* **Problem to work on**: Every line from the one holding "Predstavujeme Vám nové" through the one holding "Women's Denim Patchwork" in the data below must be returned exactly, both ends included, with pictures left out and nothing else added.

* **Data extracts**:

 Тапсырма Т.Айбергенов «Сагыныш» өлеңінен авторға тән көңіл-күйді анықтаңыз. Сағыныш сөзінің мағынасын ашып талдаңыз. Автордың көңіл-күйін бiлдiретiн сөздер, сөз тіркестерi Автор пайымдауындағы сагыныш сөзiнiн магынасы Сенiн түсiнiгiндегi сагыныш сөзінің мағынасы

* * *

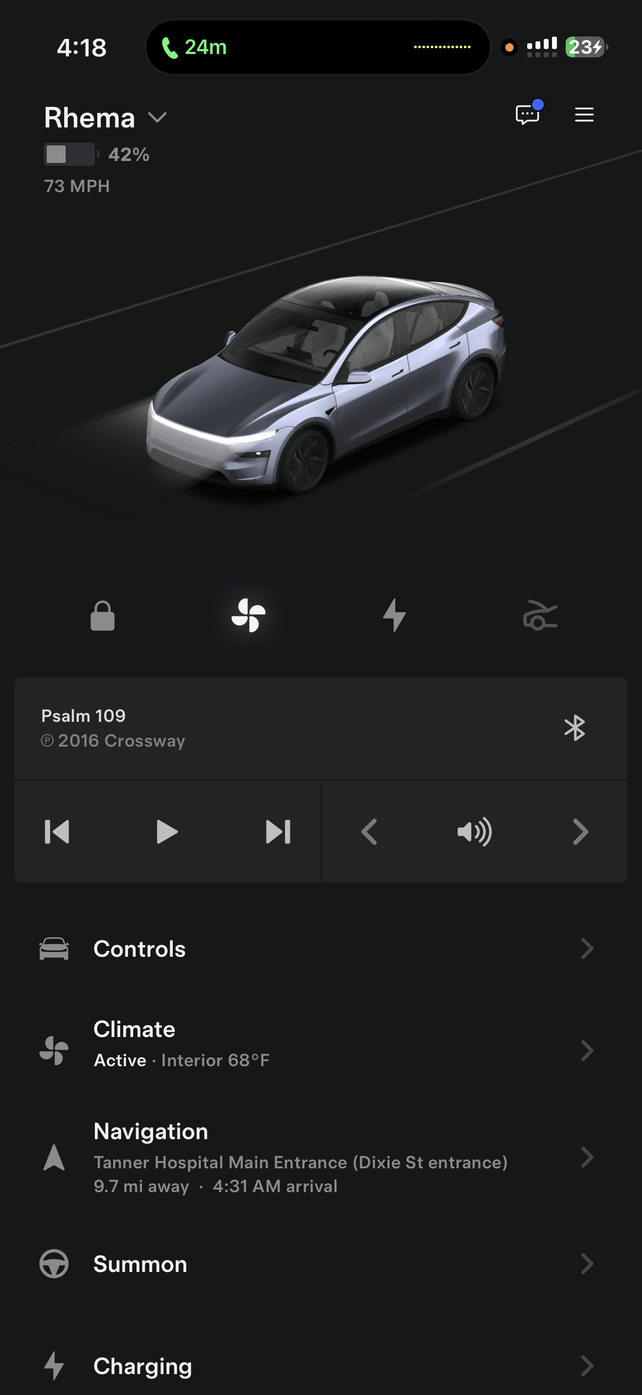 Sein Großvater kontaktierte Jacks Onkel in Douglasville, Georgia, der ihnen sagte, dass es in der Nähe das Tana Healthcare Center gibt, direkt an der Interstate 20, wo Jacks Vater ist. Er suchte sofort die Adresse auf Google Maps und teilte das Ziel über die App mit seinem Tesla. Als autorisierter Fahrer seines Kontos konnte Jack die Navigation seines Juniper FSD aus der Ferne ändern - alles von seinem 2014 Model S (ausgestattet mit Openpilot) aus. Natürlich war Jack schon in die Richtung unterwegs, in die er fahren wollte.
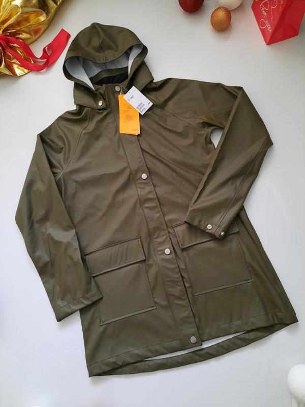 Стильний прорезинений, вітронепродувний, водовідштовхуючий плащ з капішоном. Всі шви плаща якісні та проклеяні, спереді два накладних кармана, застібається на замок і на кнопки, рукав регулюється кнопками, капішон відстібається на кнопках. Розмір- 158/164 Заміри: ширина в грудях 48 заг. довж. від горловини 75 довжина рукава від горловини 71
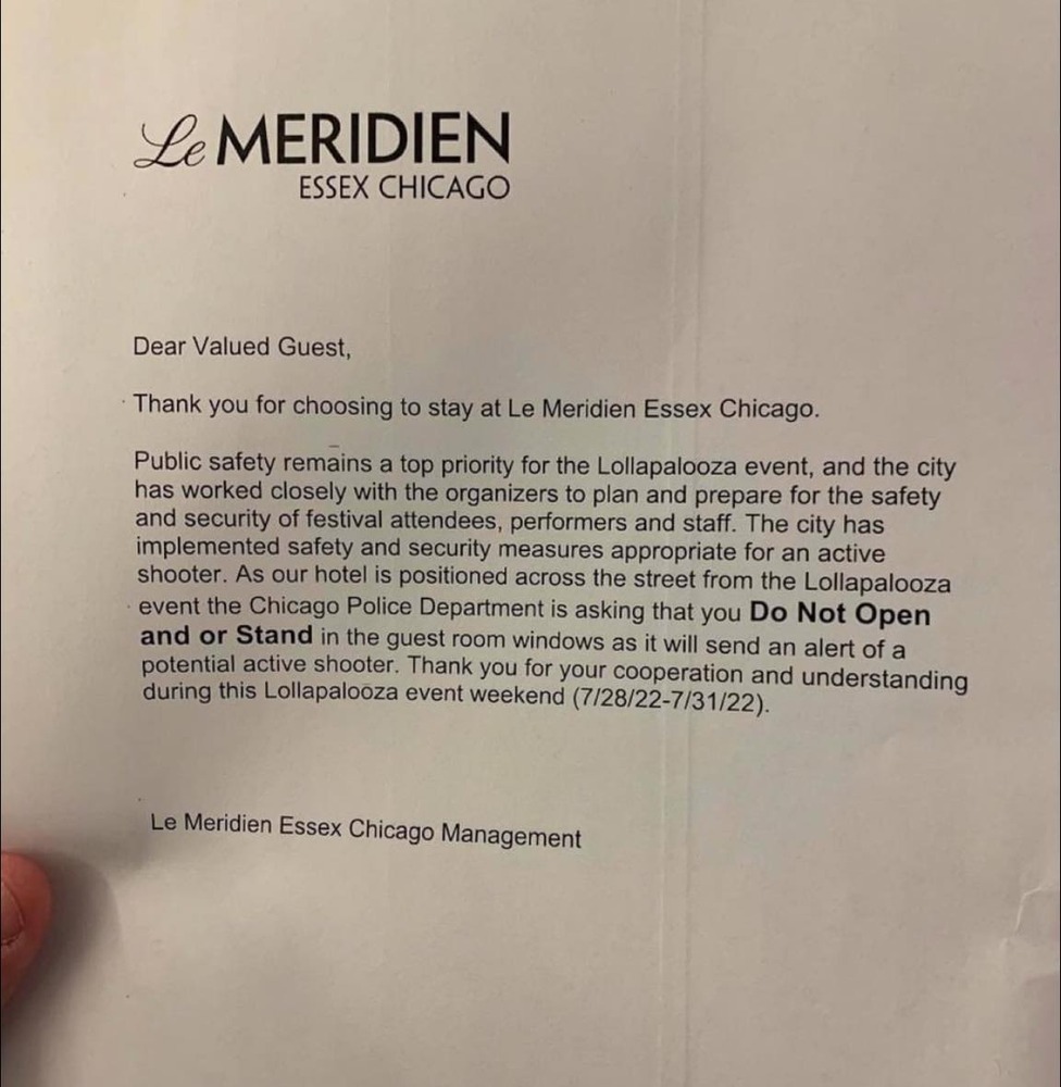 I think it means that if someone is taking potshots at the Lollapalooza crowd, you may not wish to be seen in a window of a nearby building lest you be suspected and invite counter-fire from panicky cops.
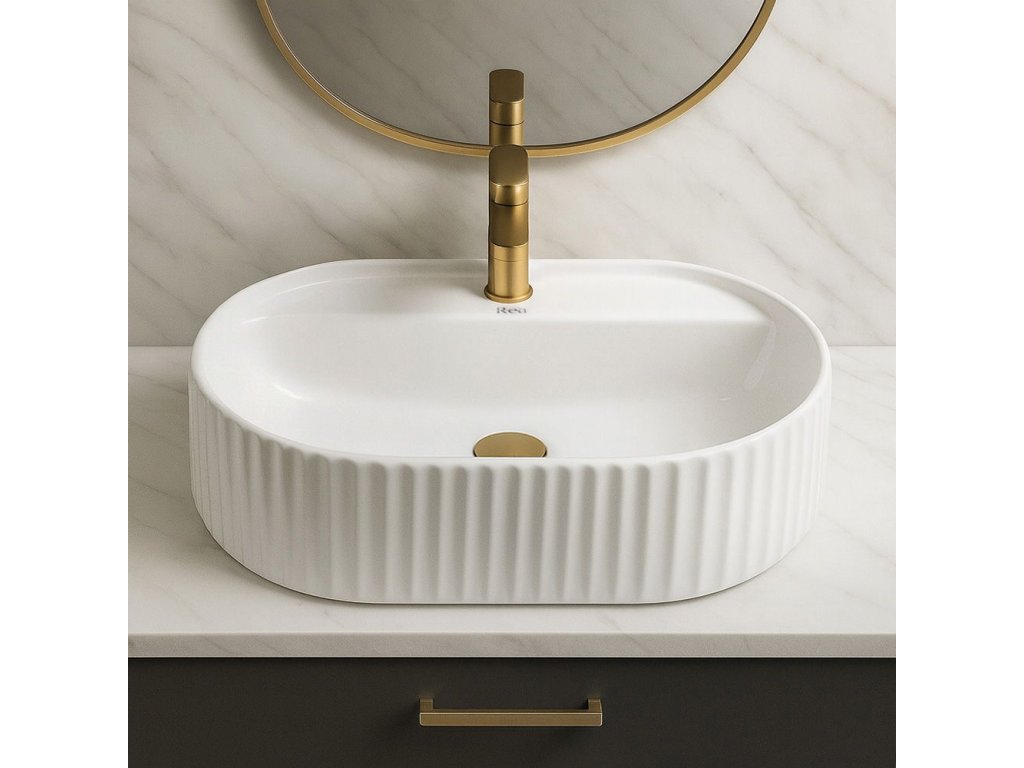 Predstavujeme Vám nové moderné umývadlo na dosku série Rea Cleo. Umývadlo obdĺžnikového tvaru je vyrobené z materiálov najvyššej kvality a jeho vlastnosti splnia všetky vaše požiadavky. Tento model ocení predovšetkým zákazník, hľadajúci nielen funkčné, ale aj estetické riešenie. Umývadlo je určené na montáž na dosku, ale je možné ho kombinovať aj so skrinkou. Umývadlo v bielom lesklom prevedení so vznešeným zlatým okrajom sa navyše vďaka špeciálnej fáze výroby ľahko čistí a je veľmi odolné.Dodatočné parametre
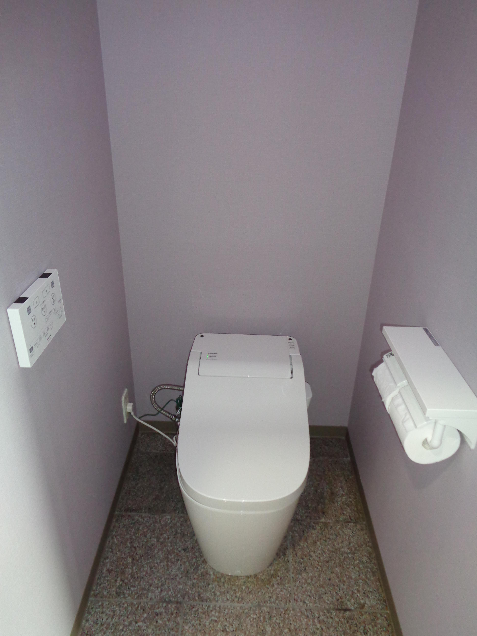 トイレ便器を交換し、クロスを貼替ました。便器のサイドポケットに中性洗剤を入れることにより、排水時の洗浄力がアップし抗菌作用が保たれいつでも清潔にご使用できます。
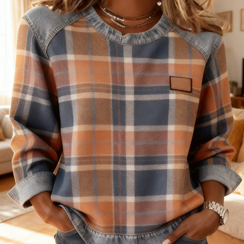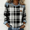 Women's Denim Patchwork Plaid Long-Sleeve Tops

* **Output below**:
 Predstavujeme Vám nové moderné umývadlo na dosku série Rea Cleo. Umývadlo obdĺžnikového tvaru je vyrobené z materiálov najvyššej kvality a jeho vlastnosti splnia všetky vaše požiadavky. Tento model ocení predovšetkým zákazník, hľadajúci nielen funkčné, ale aj estetické riešenie. Umývadlo je určené na montáž na dosku, ale je možné ho kombinovať aj so skrinkou. Umývadlo v bielom lesklom prevedení so vznešeným zlatým okrajom sa navyše vďaka špeciálnej fáze výroby ľahko čistí a je veľmi odolné.Dodatočné parametre
 トイレ便器を交換し、クロスを貼替ました。便器のサイドポケットに中性洗剤を入れることにより、排水時の洗浄力がアップし抗菌作用が保たれいつでも清潔にご使用できます。
 Women's Denim Patchwork Plaid Long-Sleeve Tops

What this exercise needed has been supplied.